Data section Start Marker

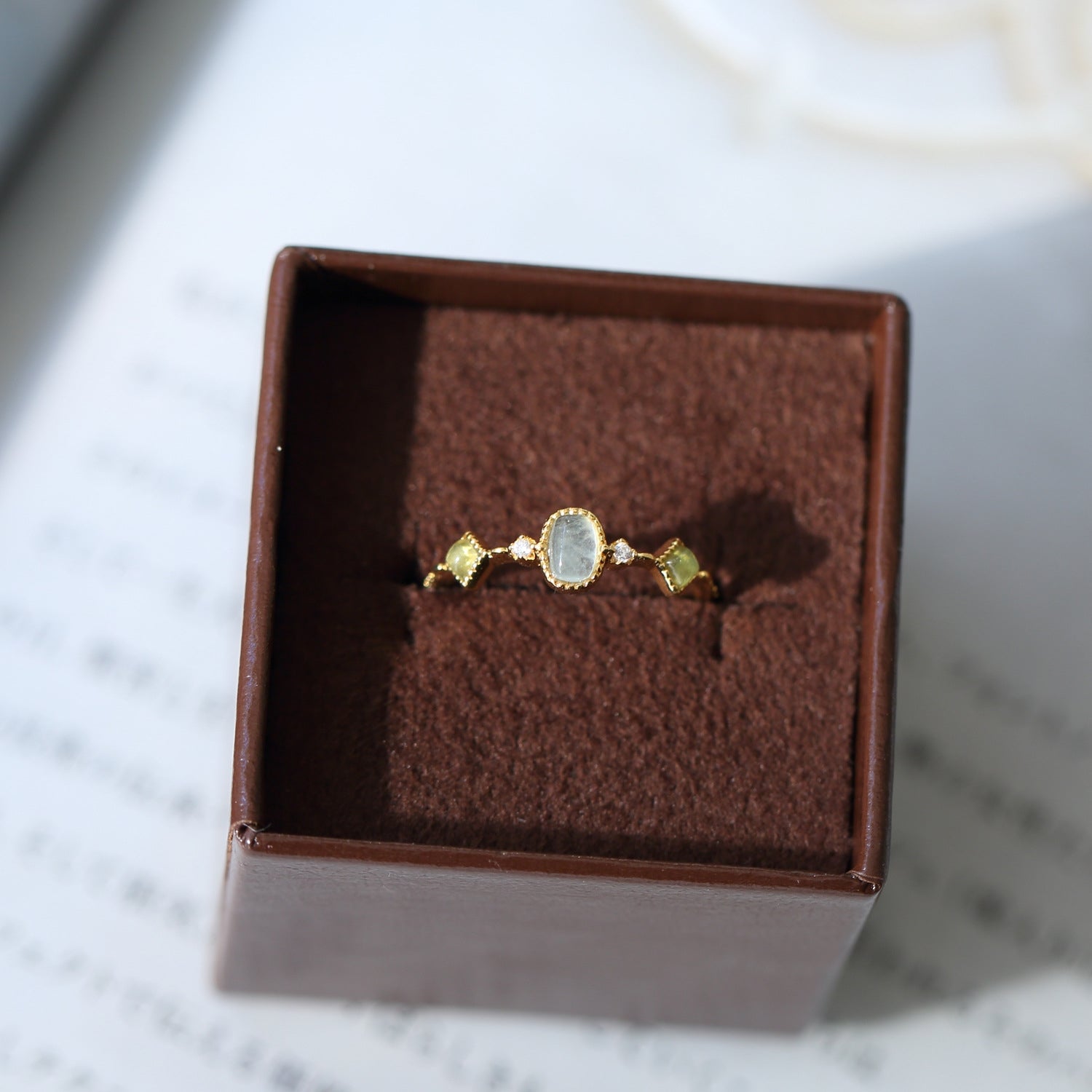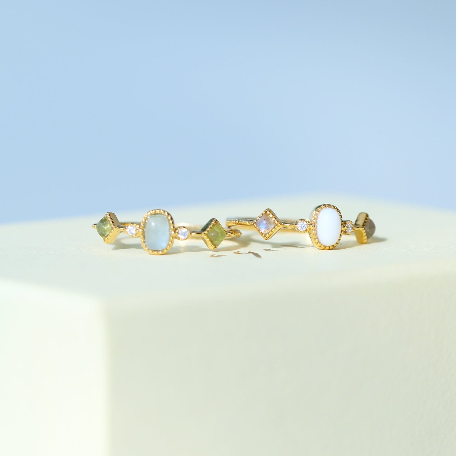 Geometric Sterling Silver Gold Plated Ring with Natural Aquamarine and Labradorite
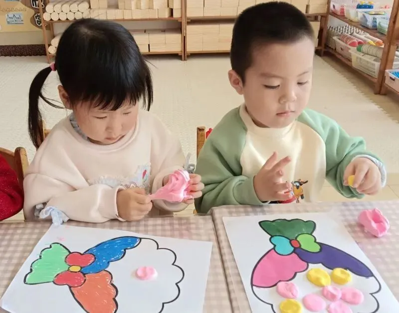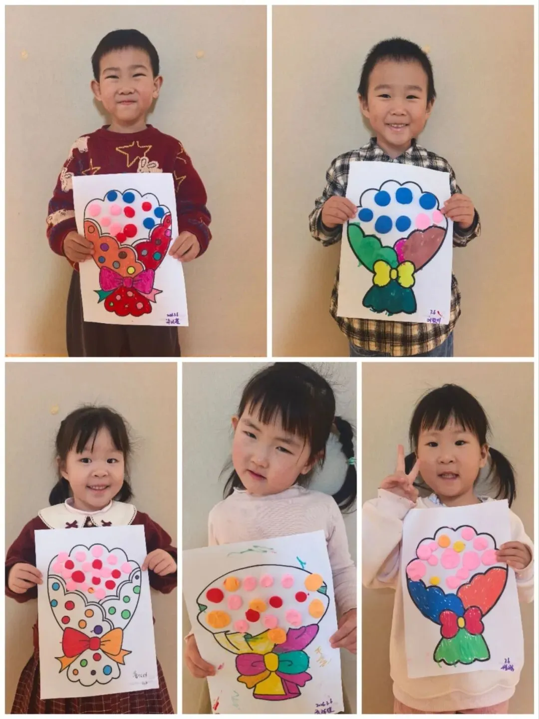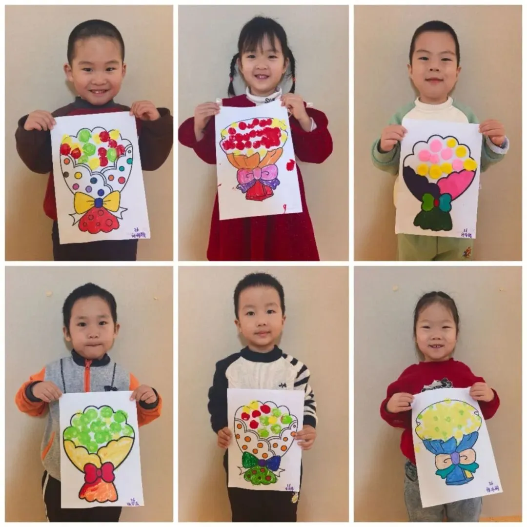 孩子们用海绵棒点出彩色花朵,或用彩笔突出色彩饱满的花团,再添画蝴蝶结。色彩斑斓的暖心花束,不仅锻炼了精细动作,更让孩子们在创作中懂得了感恩。
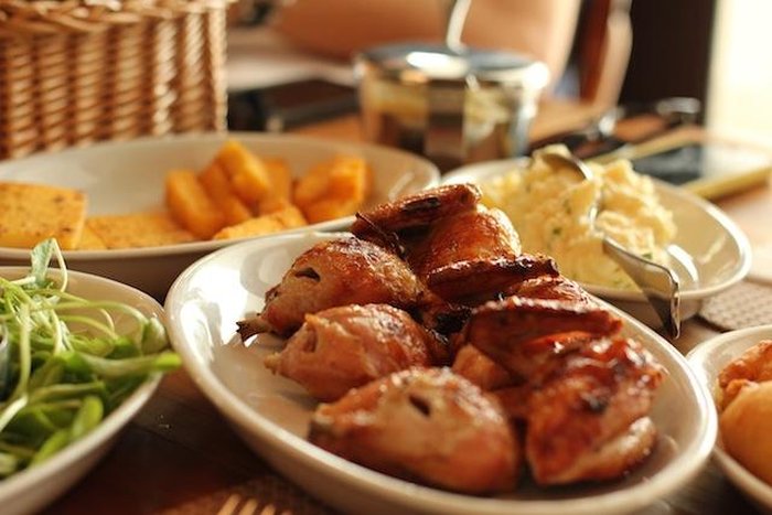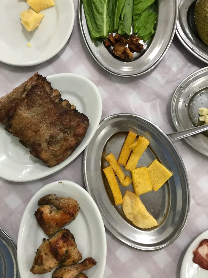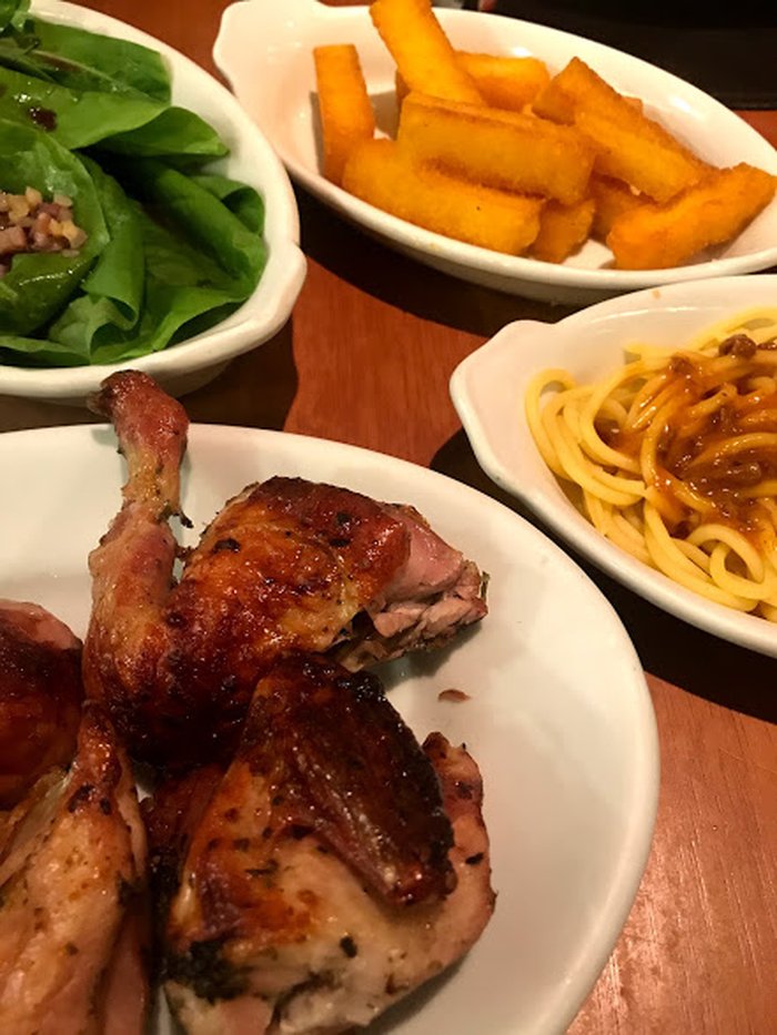 Tem um ambiente amplo, perfeito para almoços fartos em família. Além dos acompanhamentos clássicos dos galetos, eles servem costelinha de porco.

Data section End Marker

> **Problem description**: Starting at the line that holds "孩子们用海绵棒点出彩色花朵,或用彩笔突出", repeat every line through the end of the listing exactly as written, skipping any picture.

> **Response to this exercise**:
 孩子们用海绵棒点出彩色花朵,或用彩笔突出色彩饱满的花团,再添画蝴蝶结。色彩斑斓的暖心花束,不仅锻炼了精细动作,更让孩子们在创作中懂得了感恩。
 Tem um ambiente amplo, perfeito para almoços fartos em família. Além dos acompanhamentos clássicos dos galetos, eles servem costelinha de porco.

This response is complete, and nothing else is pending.